Au plan sécuritaire, ne doutons pas un instant que les soldats maliens, burkinabés, nigériens, mauritaniens, tchadiens ne soient capables de monter à l’assaut, au risque de tomber les armes à la main, aussi dignement que les soldats français. C’est d’autant plus louable compte tenu des conditions dégradées dans lesquelles ils œuvrent. Aussi, aidons vraiment ceux dont nous devons admettre que ce sont eux qui, au final, doivent gagner le combat. Les aider vraiment en termes de formation, d’équipement, en projection, en soutien et selon des standards identiques aux nôtres, c’est le prix à payer. Les faire bénéficier de tous les renseignements que nous possédons sur la zone est indispensable. Au plan opérationnel, c’est une véritable une reconquête militaire de l’espace territorial que chaque armée sahélienne doit imaginer, progressive et coordonnée avec ses voisins et ses alliés. L’administration territoriale doit suivre le mouvement, reprendre sa place et son rôle. Et toutes les forces de la communauté internationale coordonnées, dans une posture d’accompagnement et non plus d’imposition, doivent se mettre à disposition des armées locales pour aider cette reconquête sahélienne. Là encore, ne rêvons pas, c’est le temps long qu’il faut viser.
 
Au plan économique aussi, il faut être imaginatif.

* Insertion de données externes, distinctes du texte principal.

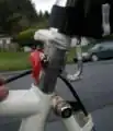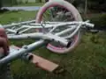 A group from the Fall 2007 Humboldt State Engineering 114 course also has attempted a backpack frame trailer from these instructions! We will insert suggestions to improve replicability for those who may need a few more details to build a trailer successfully. The group members were generally all familiar with bike mechanics, though none of us had ever built a bike trailer before and did not have any particular skills in building things. However, between the four of us, we managed to build a good trailer. It helped a lot to have extra hands to stabilize the pieces while the conduit was being drilled, as well as added perspective to ensure that holes were being drilled in vertically, rather than tilted.
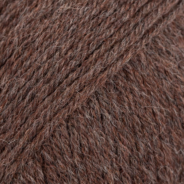SŁOWNY OPIS KOLORU: średni brąz, niejednolity kolor stanowiący mieszaninę jaśniejszych i ciemniejszych odcieni, w dzianine tworzy efekt bardzo subtelnego melanżu

La relance de l’activité par des acteurs privés d’envergure proposant aux gouvernants des initiatives concrètes peut créer une dynamique positive de nature à montrer la voie. C’est le sens de l’initiative du patronat malien avec les corridors de développement économique reliant les capitales du Sahel, projet immédiatement suivi par ses homologues des autres pays sahéliens. L’idée est donc d’utiliser à fond le levier économique pour faire bouger les lignes. Ce mouvement doit être accompagné d’avancées sociales indispensables. Des solutions existent déjà, sachons les repérer, comme cette start-up sénégalaise, Transvie, qui propose notamment une couverture sociale pour les petits métiers qui ne coûte rien à l’Etat.
 
Sans faire d’angélisme, une stratégie nouvelle commande que ce soit les pays sahéliens qui décident des projets, de leur nature, des bénéficiaires, et qu’ils soient aidés résolument, sans ambiguïté et sans arrière-pensée, ce qui n’exclut pas une forme de conditionnalité de l’aide accordée.
 
Au total, nous n’avons plus le choix aujourd’hui pour sortir du piège sahélien. Repensons notre présence, l’image qu’elle projette, comprenons la perception que peut en avoir l’homme du Sahel et tirons-en les conclusions. Sans déserter, acceptons de laisser la première place aux acteurs locaux et soutenons-les dans une posture d’accompagnement. Volonté et compétence existent chez nos partenaires, prêts à jouer leur rôle pour peu qu’ils trouvent pour s’exprimer un cadre d’action totalement redéfini et des alliés décidés. Ainsi, agissant tout aussi activement mais en deuxième rideau, nous éviterons d’avoir à quitter le théâtre précipitamment et dans la honte, sur pression populaire. Cela passe par une complète remise en question, en profondeur et dans la durée. Ne perdons pas de temps, c’est urgent.
 
Bruno Clément-Bollée (Ancien directeur de la coopération de sécurité et de défense au ministère des affaires étrangères)
 
Bruno Clément-Bollée est général de corps d’armée (2S), ancien commandant des Forces françaises dans la zone sud del’océan Indien (2005-2007), ancien commandant de la force Licorne en Côte d’Ivoire (2007-2008), ancien directeur de la coopération de sécurité et de défense au ministère des affaires étrangères (2010-2013). Comme conseiller à la présidence de la République ivoirienne (2013-2016), il a ensuite œuvré au programme de désarmement, démobilisation et réinsertion (DDR) des ex-combattants dans ce pays. Il a, depuis, monté une société de conseil aux Etats africains en gestion de sortie de crise et renforcement de la stabilité.